2013年12月17日火曜日

冬には名前を

子どものころから、自分の姓が好きでないのだが、人が自分の名前を覚えていてくれるだけでとてもうれしくなる気持ちのほうが大きいので助かっている。もともとは、名前も好きでなかった。中学一年生の時、憧れだった副部長のお姉さま(高校三年生)から文化祭前夜に頂いたお手紙に「初めて見たときに、なんて綺麗な字かしら!と思ったの。」とあったのを読んでから、好きになったのである。しかし中高時代には「名前+ちゃん」で呼ばれることはあれど、呼び捨てにされることはなかった。女の子同士、親しげに呼び合うさまを眺めてじりじりしていたのはこの頃だ。初めて呼び捨てにされたのは、大学生の時、サークルの先輩にだった。そのとき、長年のくびきから解かれるような思いがしたことまで覚えているが、こんなことをいちいち覚えていて、今ここですらすら書ける自分もいやだ。いい名前だよ、と人に言われないと自分を承認できないような心根も自意識過剰でいやすぎる。

チェルフィッチュの『地面と床』を観て、恐れ多くも、こんなに自分の人生に寄り添ってもらえる、と思えるカンパニーがあるなんて本当に幸福だ、と思った。寄り添うというよりは、仰ぎ見る、ということに近いし、彼らの作品はけっして優しい言葉をかけてくれることはないけれど、そのことがいつも私を安心させる。『フリータイム』『わたしたちは無傷な別人であるのか?』など、観るたびに、そのときの自分の人生の状態にリンクしているように思ってきたが、それは決して作品を矮小化して解釈しているのではない。チェルフィッチュに関してだけは、劇評もおすすめも書いたことがない。書けると思ったことがない、というのが正確だけれど、今秋の『現在地』『地面と床』に関して、方法とか演劇論とか音楽論とか、いわゆる"小難しい"批評の視点ではなくても、自分の言葉で書くべきなんじゃないかと思っているのは私にとって大きな変化だ。チェルフィッチュの作品が、自分に「寄り添ってくれている」と感じるのは、私だけではないのかもしれない。でも、若手のころ死ぬほど残業して働きまくっていた自分とか、子どもが持てるのか迷っている自分とか、もし子どもを持ったら盲目的に守り抜くであろう自分の姿を考えながら見えることは、作品の外枠を形成する問題意識を理解するうえで大切なことなのだ。不思議である。理解できないと思う相手なのに、その存在を意識するときはいつも、とても近くにいる気がする。

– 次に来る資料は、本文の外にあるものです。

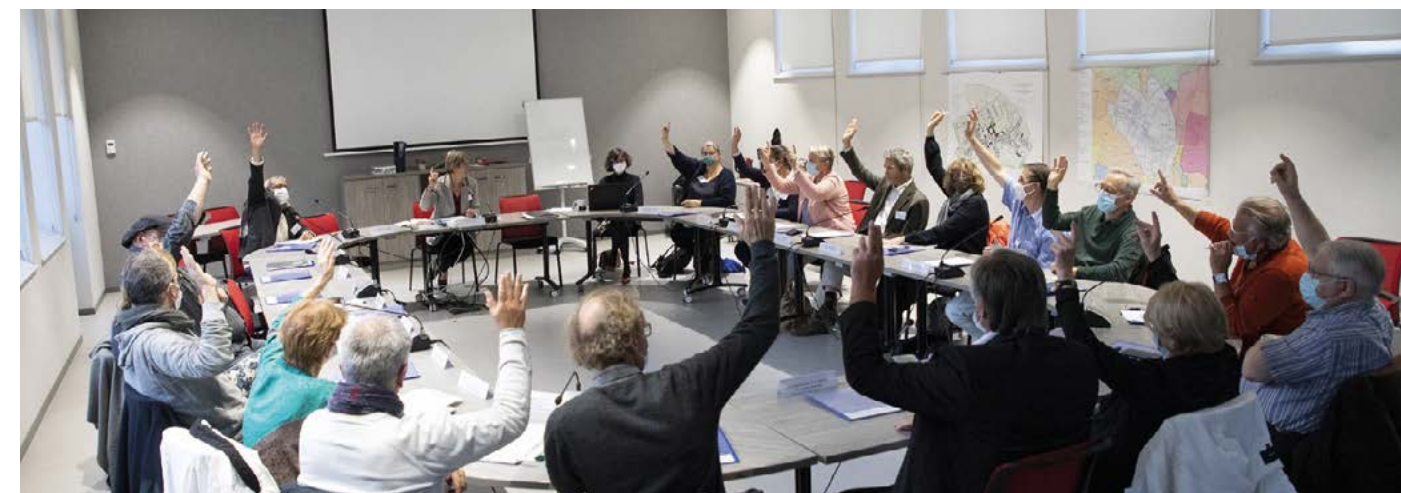
A l'unanimité, les conseillers municipaux de Cluny ont engagé la ville dans la candidature, le 8 octobre 2021
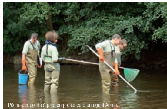
Pêche par points à pied en présence d'un agent Acmo.

La pêche électrique est une activité bien connue à l'Onema, dans les départements et dans les délégations régionales. La question est aujourd'hui d'en généraliser la pratique sur la base d'une méthode et d'un protocole partagés par tous et répétables. L'objectif est bien d'obtenir une image fiable des populations de poissons, alors que les échantillonnages sont pratiqués par différentes équipes. C'est un défi pour tous ceux qui sont impliqués dans ces recueils. Pour Christian Jourdan, responsable du système d'information sur
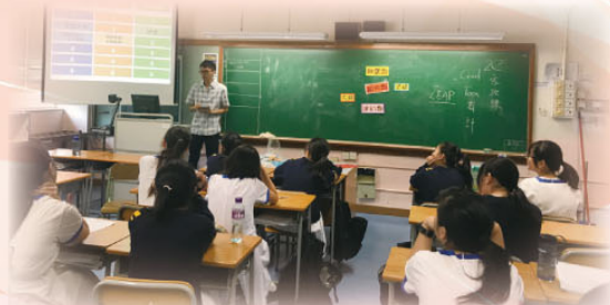
中三同學與導師互動學習濫藥知識

於2018年3月參與LEAP生活教育活動計劃的藥物教育課程，中三級透過健康管理與社會關懷課學習藥物知識（冰及K仔）、朋輩壓力、娛樂場所的安全意識及拒絕技巧的主題。
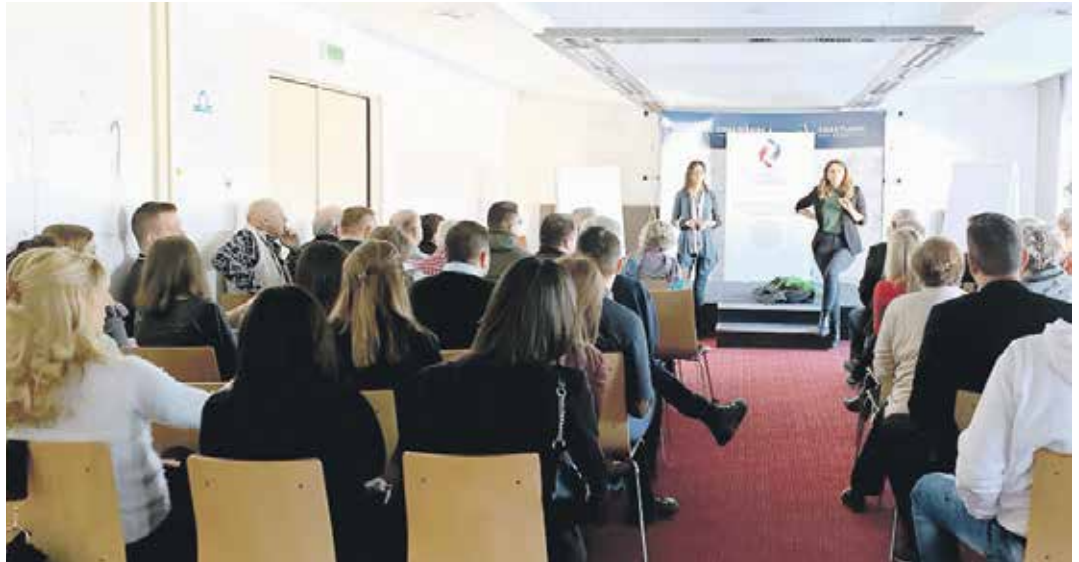
Једно од предавања у оквиру радионице о међугенерациској сарадњи

– Фонд ПИО, као носилац пензијског система Србије, који се заснива на принципима међугенерациске сарадње и солидарности, препознао је своје ангажовање у правцу унапређења поло-
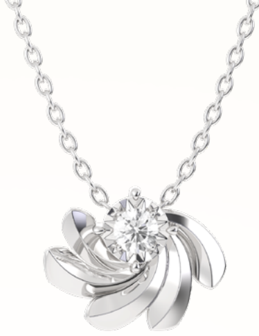
Dây chuyền GCDD00W000457 24.852.000Đ
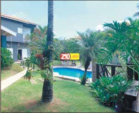
CH01782 - VALE DAS LARANJEIRAS - BELÍSSIMA CHÁCARA - AT 2.500m 2 , AC 540m 2 , 04 Dormitórios (Sendo 03 Suítes) todas com planejados, Sala de Estar, Sala de Jantar, Sala de TV, Lavabo, Cozinha Planejada, Despensa, Varanda Gourmet, Banheiro Auxiliar, Piscina, Jardim, Deck de Madeira Coberto C/ Quiosque de Sapê, Garagem P/03 Autos Cobertas e 04 Descobertas. R$ 2.120.000,00.
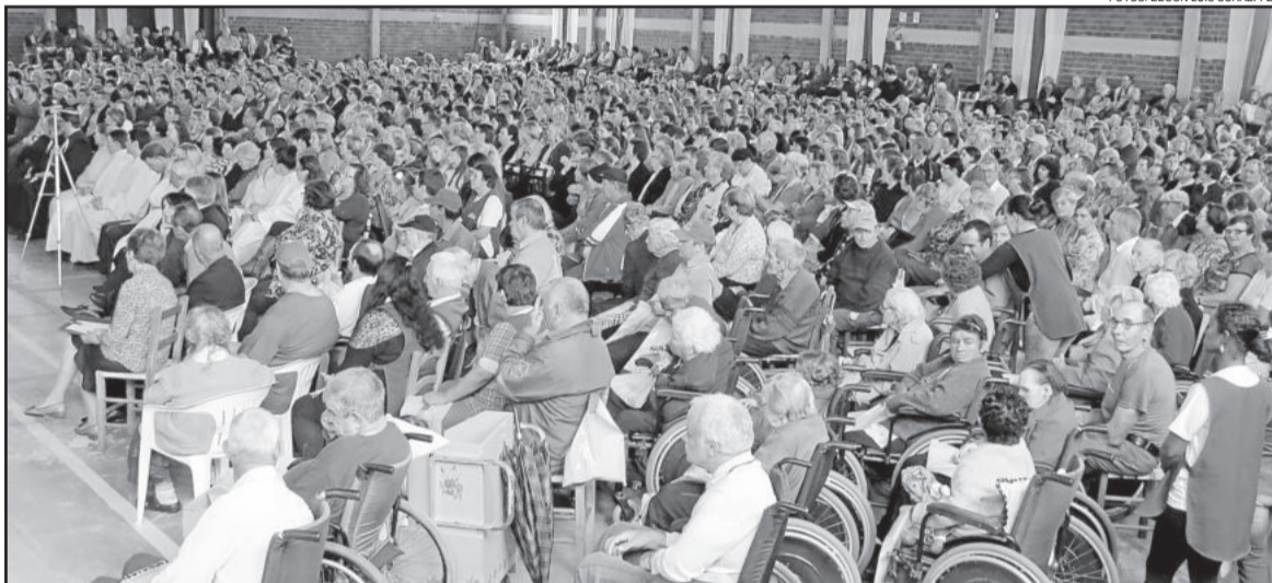
Cerca de 2 mil fiéis lotaram o ginásio da Associação Beneficente Pella Bethânia

弟が医者になることになったとき「合格してよかった」という思いの次くらいに「これでいつ戦争が始まっても、軍医になれるから、この子が前線で死ぬ可能性は減った」と思って安堵した。冗談ではない。弟が小さなときから私はいつも、この子が戦争で死ぬことがないように、と祈ってきたし、たとえば選挙権を得てからは、愛する男の人たちが戦争で苦しむことにならないことを、かならず考慮に入れてその権利を行使してきたのだ。